I am wondering what the best practice is when I want some functions to be public and some to me internal when working with protocols.

I am writing an AudioManager in Swift 3 wrapping AVPlayer as a framework.

I want some methods to be public, so that e.g. a ViewController making use of the AudioManager can access some methods, but some methods would not be exposed outside the framework
-> i.e. having the access modifier internal instead of public.

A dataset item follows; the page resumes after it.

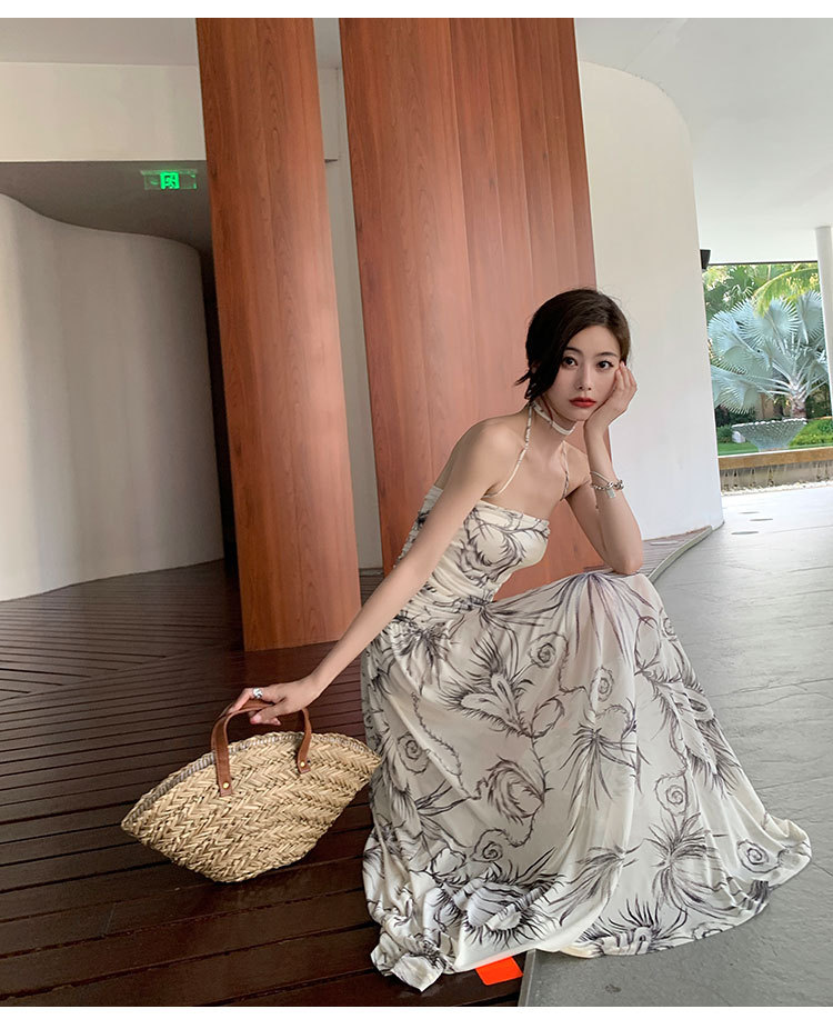茶歇法式沙滩度假连衣裙女夏新款印花挂脖抹胸长裙子女
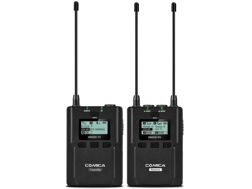 Universální bezdrátový audio systém Comica Audio CVM-WM200A využívá technologii UHF, která umožňuje provoz až ve 96 kanálech. Mikrofon se dvěma vysílači a jedním přijímačem.

I am writing the framework with protocol driven design, almost every part should have a protocol.
So protocols are talking to protocols within the framework.
E.g. the main class - AudioManager - has an AudioPlayer, and should be able to call some internal functions on it,
e.g. pause(reason:) but that method should be internal and not exposed outside the framework.

Here is an example.

internal enum PauseReason {
    case byUser
    case routeChange
}

// Compilation error: `Public protocol cannot refine an internal protocol`
public protocol AudioPlayerProtocol: InternalAudioPlayerProtocol { 
   func pause() // I want 
}

internal protocol InternalAudioPlayerProtocol {
    func pause(reason: PauseReason) // Should only be accessible within the framework
}

public class AudioPlayer: AudioPlayerProtocol {
    public func pause() {
        pause(reason: .byUser)
    }

    // This would probably not compile because it is inside a public class...
    internal func pause(reason: PauseReason) { //I want this to be internal
        // save reason and to stuff with it later on
    }
}

public protocol AudioManagerProtocol {
    var audioPlayer: AudioPlayerProtocol { get }
}

public class AudioManager: AudioManagerProtocol {
    public let audioPlayer: AudioPlayerProtocol

    init() {
        audioPlayer = AudioPlayer()
        NotificationCenter.default.addObserver(self, selector: #selector(handleRouteChange(_:)), name: NSNotification.Name.AVAudioSessionRouteChange, object: nil)
    }

    func handleRouteChange(_ notification: Notification) {
        guard
        let userInfo = notification.userInfo,
        let reasonRaw = userInfo[AVAudioSessionRouteChangeReasonKey] as? NSNumber,
        let reason = AVAudioSessionRouteChangeReason(rawValue: reasonRaw.uintValue)
        else { print("what could not get route change") }
        switch reason {
        case .oldDeviceUnavailable:
            pauseBecauseOfRouteChange()
        default:
            break
        }
    }
}

private extension AudioManager {
    func pauseBecauseOfRouteChange() {
        audioPlayer.pause(reason: .routeChange)
    }
}

// Outside of Audio framework
class PlayerViewController: UIViewController {
    fileprivate let audioManager: AudioManagerProtocol 
    @IBAction didPressPauseButton(_ sender: UIButton) {
        // I want the `user of the Audio framwwork` (in this case a ViewController)
        // to only be able to `see` `pause()` and not `pause(reason:)` 
        audioManager.audioPlayer.pause()
    }
}

I know I can get it to work by changing the method pauseBecauseOfRouteChange to look like this:

func pauseBecauseOfRouteChange() {
    guard let internalPlayer = audioPlayer as? InternalAudioPlayerProtocol else { return }
    internalPlayer.pause(reason: .routeChange)
}

But I am wondering if there is a more elegant solution?
Something like marking that the AudioPlayerProtocol refines the InternalAudioPlayerProtocol...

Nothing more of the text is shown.